If not, I wouldn't worry much about the visibility of destructors,
because resources are scheduled for replacement anyway.

And since manually calling magic methods came up in the ticket: in my
opinion, whenever you have `->__` in production code, you're doing
something wrong.

Christoph

On 28.09.2024 at 16:21, Jonathan Vollebregt wrote:

Hmm, I wonder about the use-cases of userland destructors. It seems to
me they are mostly useful for sanity checks, and maybe to close
resources. Are there others?

If not, I wouldn't worry much about the visibility of destructors,
because resources are scheduled for replacement anyway.

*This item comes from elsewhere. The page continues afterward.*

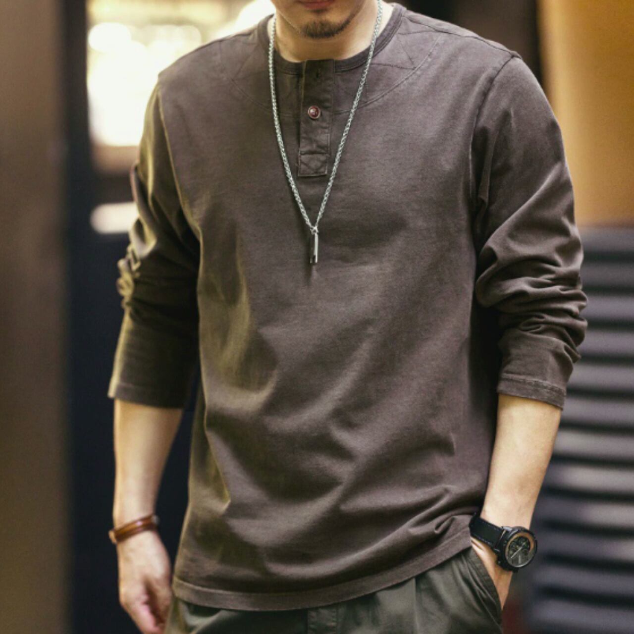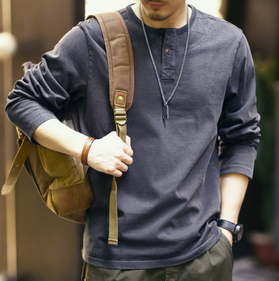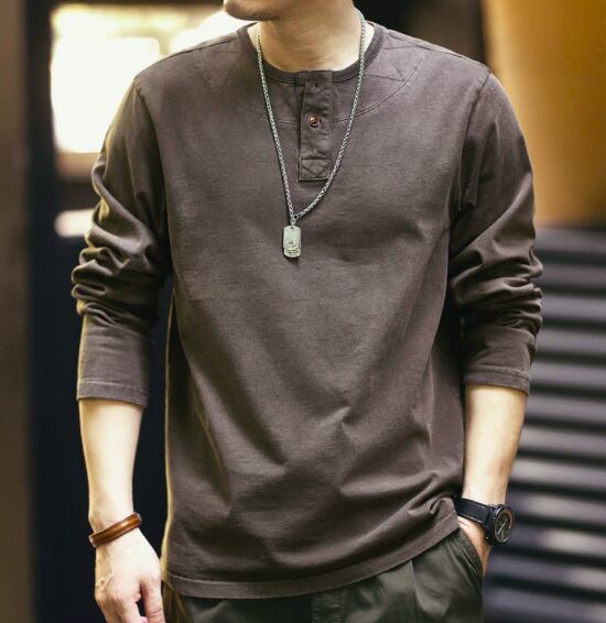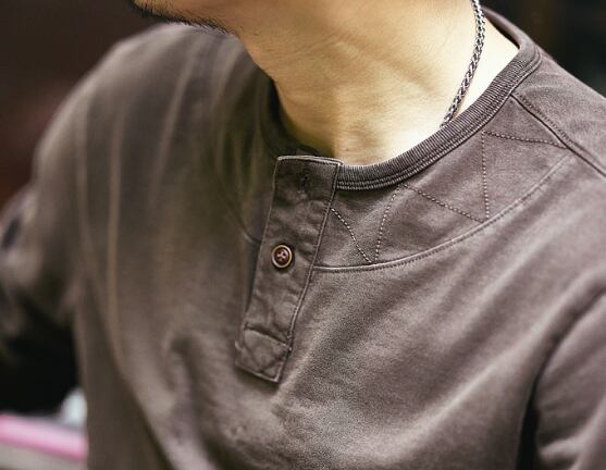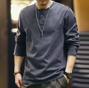 Henley neck vintage long t shirt ( 2color )

Besides closing resources and killing processes I've seen them store
data to disk for caching, remove temp files, call callbacks/dispatch
events, change state on other objects, dump stored errors to error_log
in a loop in an error handler...

Okay. My point is that you cannot know (unless there are no circular
dependencies) *when* a destructor is called by the engine; it may be
called during some GC run, or during the request shutdown sequence. As
it's now, that happens pretty early during shutdown, but that *might*
change when stream resources are converted to objects. So you cannot be
absolutely sure that everything works as expected in destructors. This
is a general issue for garbage collected languages; some of these have
no destructors at all, for such reasons.

It looks like there's quite a lot of use-cases for them (Which can go
wrong if called twice) that don't necessarily require resources to be
involved

Like I said, I wouldn't be particularly worried about clients calling a
destructor manually (that's a bit different for the engine, since
segfaultish conditions should be avoided).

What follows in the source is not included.